Guest Article : Ivan Corbett
Way back in 2007 the Wii surpassed everyone’s expectations shooting right to number one in console sales, its innovative use of motion controls and a family orientated approach rapidly gained popularity amongst a new wave of casual gamers. Suddenly everyone could play, no longer was the video game console solely the domain of the kids. This new and massive market worried the competition at Microsoft and Sony greatly, something had to be done.
Immediately Microsoft started work on emulating the Wii “Project Newton” an internal engineering project was cranking out wands by the new time and Microsoft came very close to bringing these to market. But then the inevitable happened, the Wiis’ market expansion rate dropped, millions of consoles started to gather dust, third party developers cried foul of the comparatively low horsepower of the Wii and the imprecise motion controller.
It was then that a small Israeli company named Pimesense pitched the idea of gesture based interfaces to several companies, Apple even took them up on it, although strict rules on them licencing the technology to other companies and Apples’ legendary secrecy eventually killed the deal. Microsoft then swooped in and picked up the fledgling company with a better offer, this was the day “Project Natal” started. It was a simple idea, create a new type of natural user interface or “NUI” for computers a way of interacting with them without the need for any controller at all, just your body movement, gestures and voice. In early 2008 a prototype was shown costing an estimated $30,000 and being massive it was difficult to see this going anywhere outside of the labs.
But a challenge was set to the Microsoft labs incubation team named after a town called Natal in Brazil, to miniaturise this technology and reduce the cost enough that it could be sold as an attachment for their Xbox 360 console, this was to be this answer to the Wii, sufficiently different in approach to catch the attention of the market the Wii had created and advanced enough technically that the third party developers would take interest. When Project Natal was announced to the public at E3 2009 it captured worldwide attention and set the target high for the now global teams that were working on the technology. It was divided into three parts: Primesense and the Microsoft Israel team would work on the 3D depth sensor technology, the most costly part of the package; Microsoft Seattle and their Stanford research team would work on the software to turn the depth map produced by the sensor into usable data for a game to interpret, and Microsoft Research in India would work on “Project Berlin” the voice command segment of the technology based on existing voice command tech but using a new four microphone approach to cancel background noise and provide acoustic source location (ASL), a technology whereby the sensor could tell where sound was coming from.

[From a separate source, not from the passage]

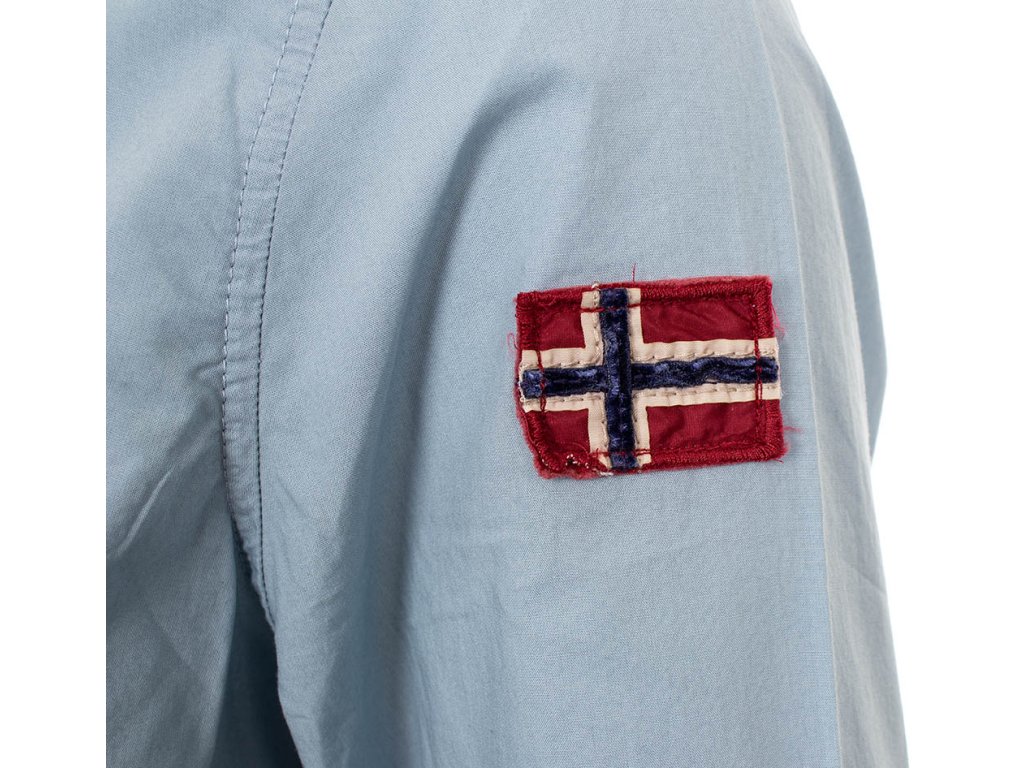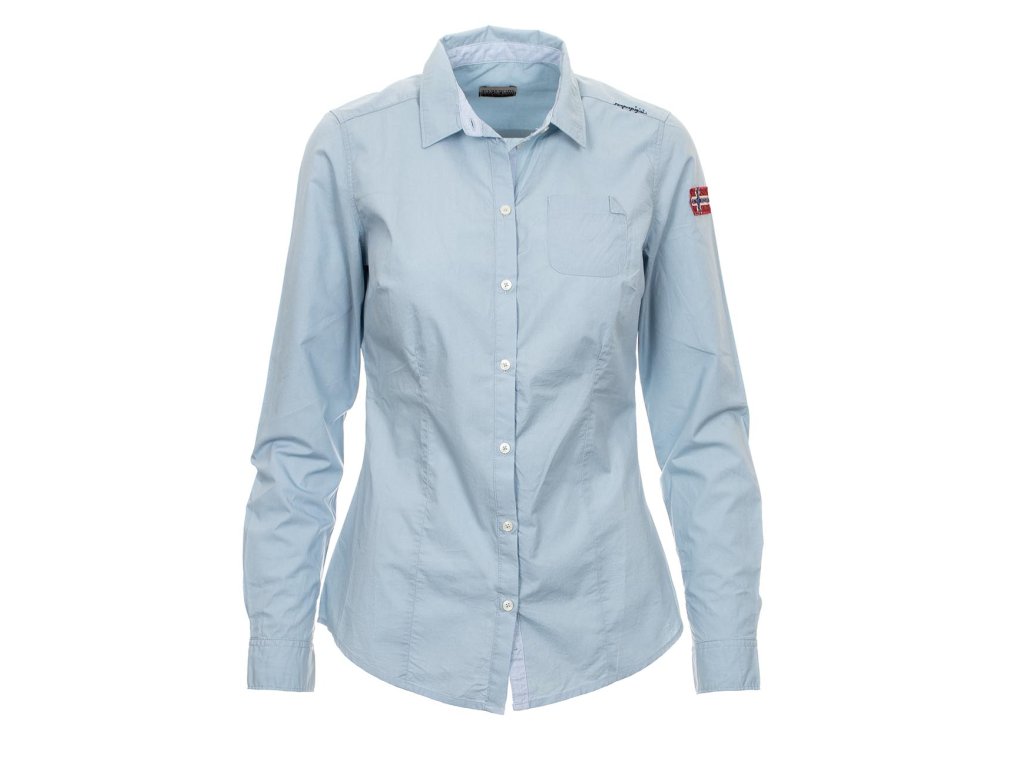 Dámská bavlněná košile Napapijri ve světle modré barvě. Zdobena aplikací vlajky na rukávu a výšivkou loga na rameni.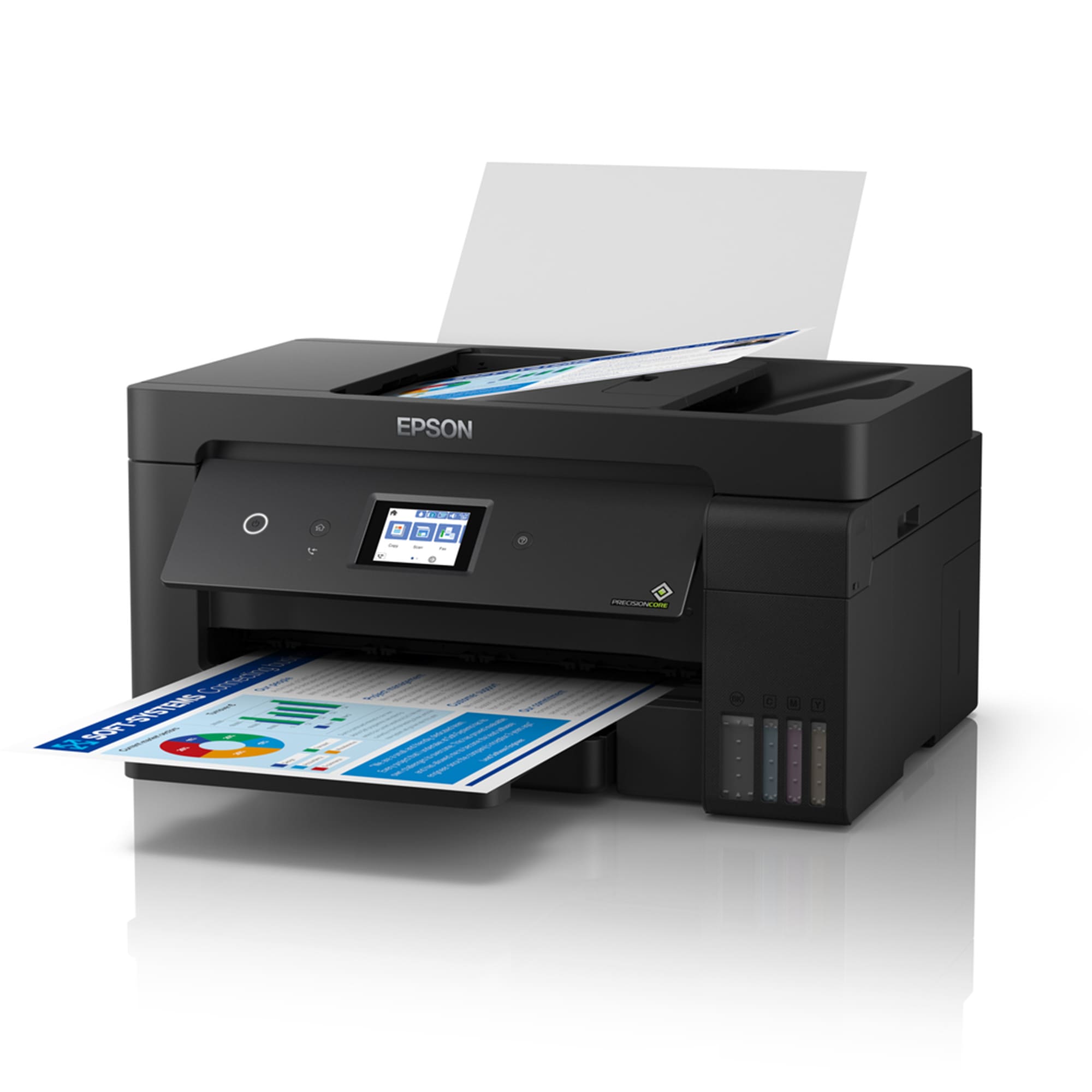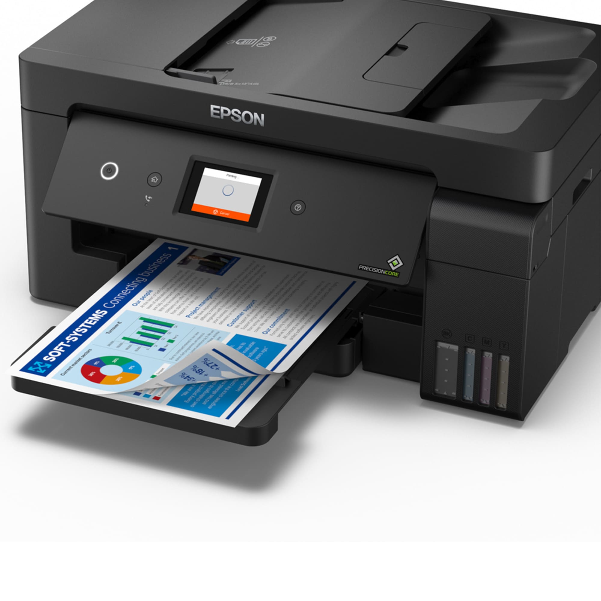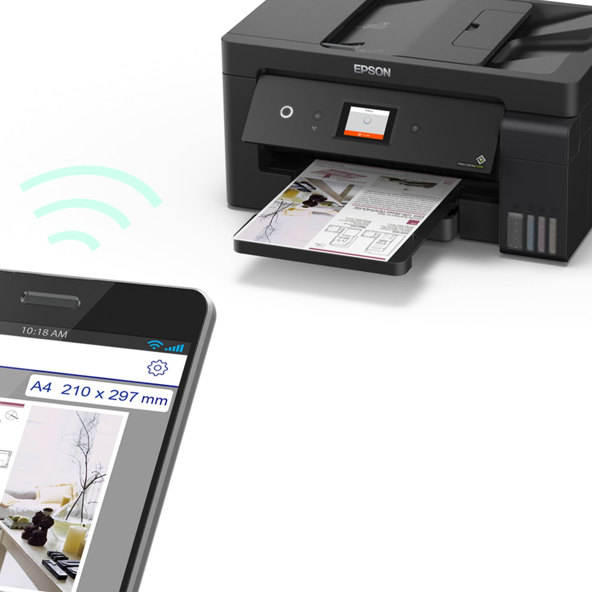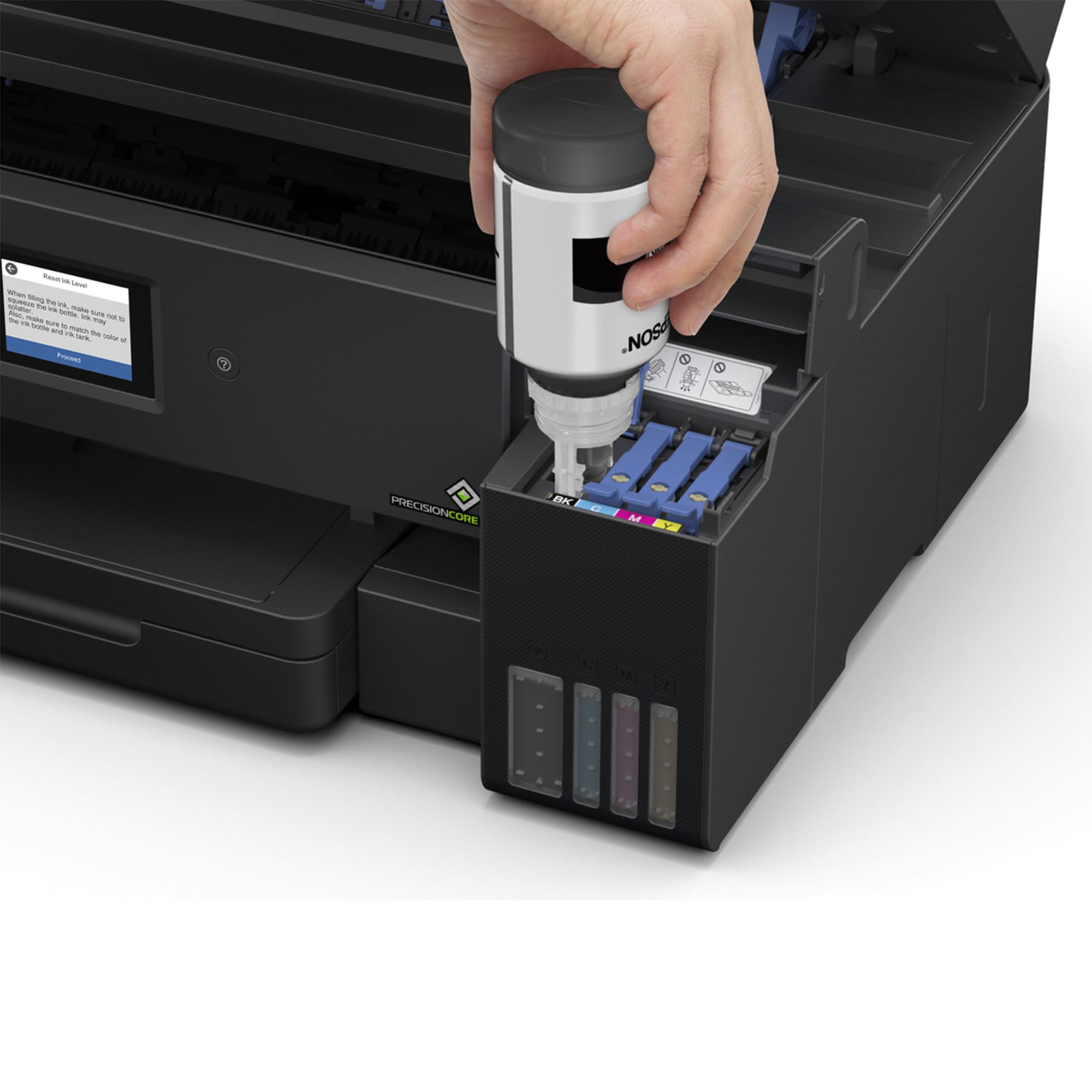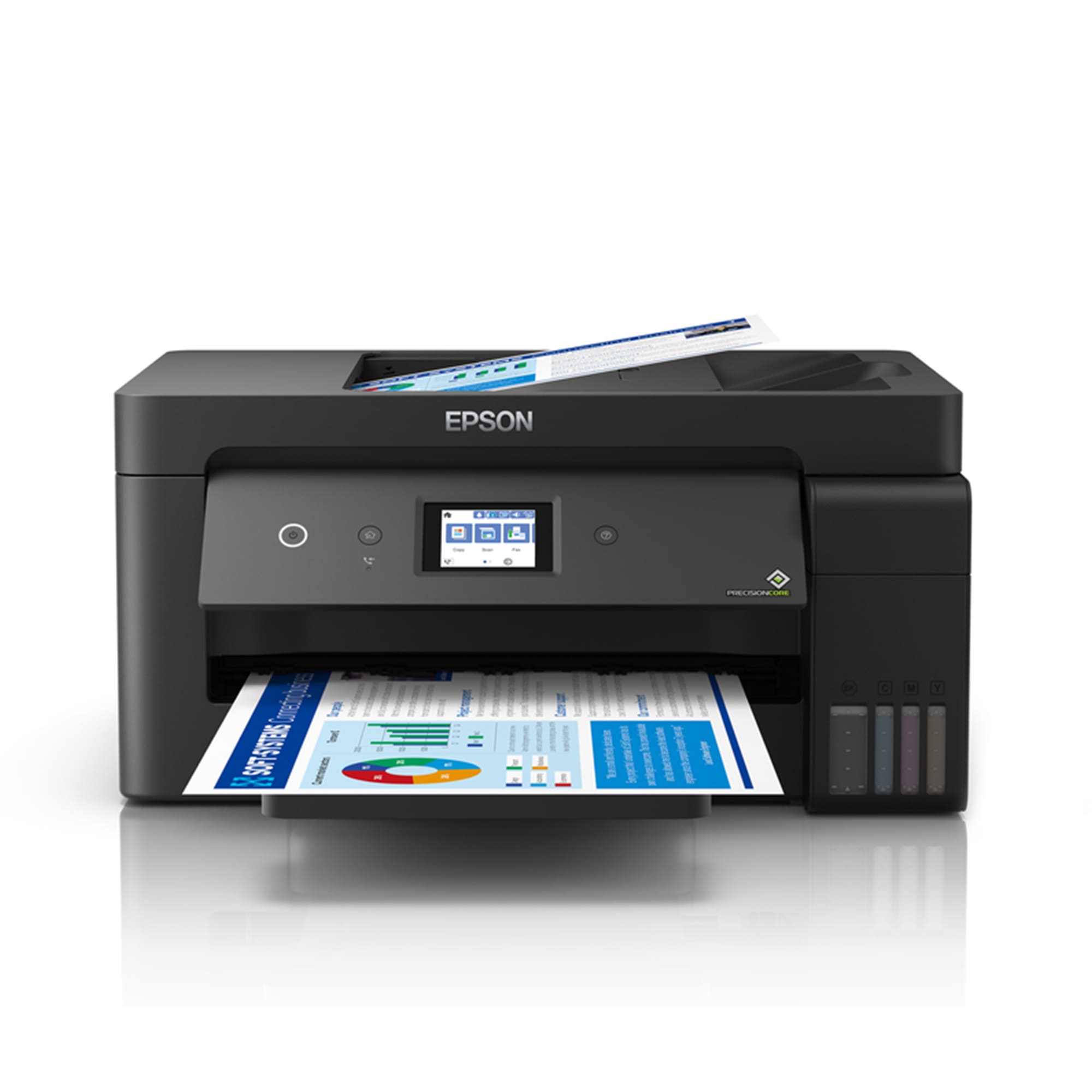 La nueva multifuncional inalámbrica EcoTank 4 en 1 L14150 te ofrece impresión 100% sin cartuchos con soporte para formatos anchos hasta A3+, con botellas de tinta diseñadas para evitar derrames y codificadas para llenado fácil de cada color.

By early 2010 it had become a reality and draft sensors were starting to appear, combining a near Infra-Red projector, a CMOS camera tuned to see the resulting projection (the distortion of this projection from the source image allows the sensor to accurately judge how far objects are from it), a colour camera used for video chat and facial recognition and four microphones spaced precisely for ASL (this lead to the sensors elongated shape) mounted on a motorised tilt base so that it could adjust its’ field of view automatically. Only the software was left to complete.
The sensor was producing an excellent depth map of the room but interpreting this data was a different story, first the player had to be removed from the background so it simply looks for human shaped objects and cuts everything behind their depth plane out, then it uses a pre-computed library of tens of thousands of possible human body positions to work out where each of your limbs are (or guess if it can’t see them based on a basic understanding of how humans can move and bend) and assigns a point to each joint (22 in total per player) these points form a skeleton of reference points that the games can interpret, All this in a fraction of a second. Meanwhile the voice technology had matured very well and they had created an excellent system for filtering out sound that the console itself was producing whether it be a game or movie and also the ambient sounds of the room and responding to voice commands rapidly and with few mistakes, all be it a little sensitive to accents and requiring recalibration for each new room it was to be used in (the sensor plays a series of test sounds and measures the time it takes to bounce off objects in the room so it can filter out the echo effect). It was quite the technical achievement and one that Microsoft was rightly proud of, touting the newly renamed Kinect sensor and nothing short of revolutionary at E3 in 2010.
Of course while Microsoft may have thought of Kinect as a sure fire hit, the rest of the world and indeed their game development partners still needed convincing, sure the technology was great on paper and technically advanced. But was it and good in the real world, was it fun and most importantly, would it sell?